- Directed by: Nijla Mu'min
- Written by: Nijla Mu'min
- Produced by: Maya Emelle Arielle Saturne Avril Speaks
- Starring: Zoe Renee Simone Missick Kelvin Harrison Jr. Dorian Missick Hisham Tawfiq Kelly Jenrette
- Cinematography: Bruce Francis Cole
- Edited by: Collin Kriner
- Music by: Jesi Nelson
- Production companies: Sweet Potato Pie Productions Morgan's Mark Confluential Films
- Distributed by: Orion Classics
- Release dates: March 11, 2018 (SXSW); November 16, 2018;
- Running time: 92 minutes
- Country: United States
- Language: English

= Jinn (2018 film) =

Jinn is a 2018 American drama film written and directed by Nijla Mu'min. Starring Zoe Renee and Simone Missick, it is a coming-of-age story about a Black Muslim teenage girl, Summer, who converts to Islam at her mother's behest. The film premiered at the 2018 South by Southwest Film Festival on March 11, 2018 and received Special Jury Recognition for Writing.

==Plot==
Summer is a teenage girl with divorced parents in her last year of high school.
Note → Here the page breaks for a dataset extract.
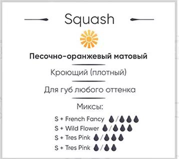 Приглушённый матовый оранжевый цвет с песочным оттенком. На очень холодных губах заживёт нейтральным бежевым оттенком натуральных губ.

Her mother, Jade, a meteorologist, has been secretly attending a mosque and reading the Quran. Finally feeling at peace with her decision to convert she begins to open up about her new faith to Summer, but quickly begins pressuring her to join the Islamic faith as well.

Summer initially thinks her mother's conversion is a joke, spurred on by a crush on the imam. Her father also dismisses it as a fad of her mother's but suggests Summer play along. Summer begins going to the mosque while still living the way she wants in her downtime by drinking, going to parties, and leaving her hair uncovered.

While dancing with her friends Summer posts a picture of herself to Instagram in a bra wearing a hijab with the hashtag halal hottie.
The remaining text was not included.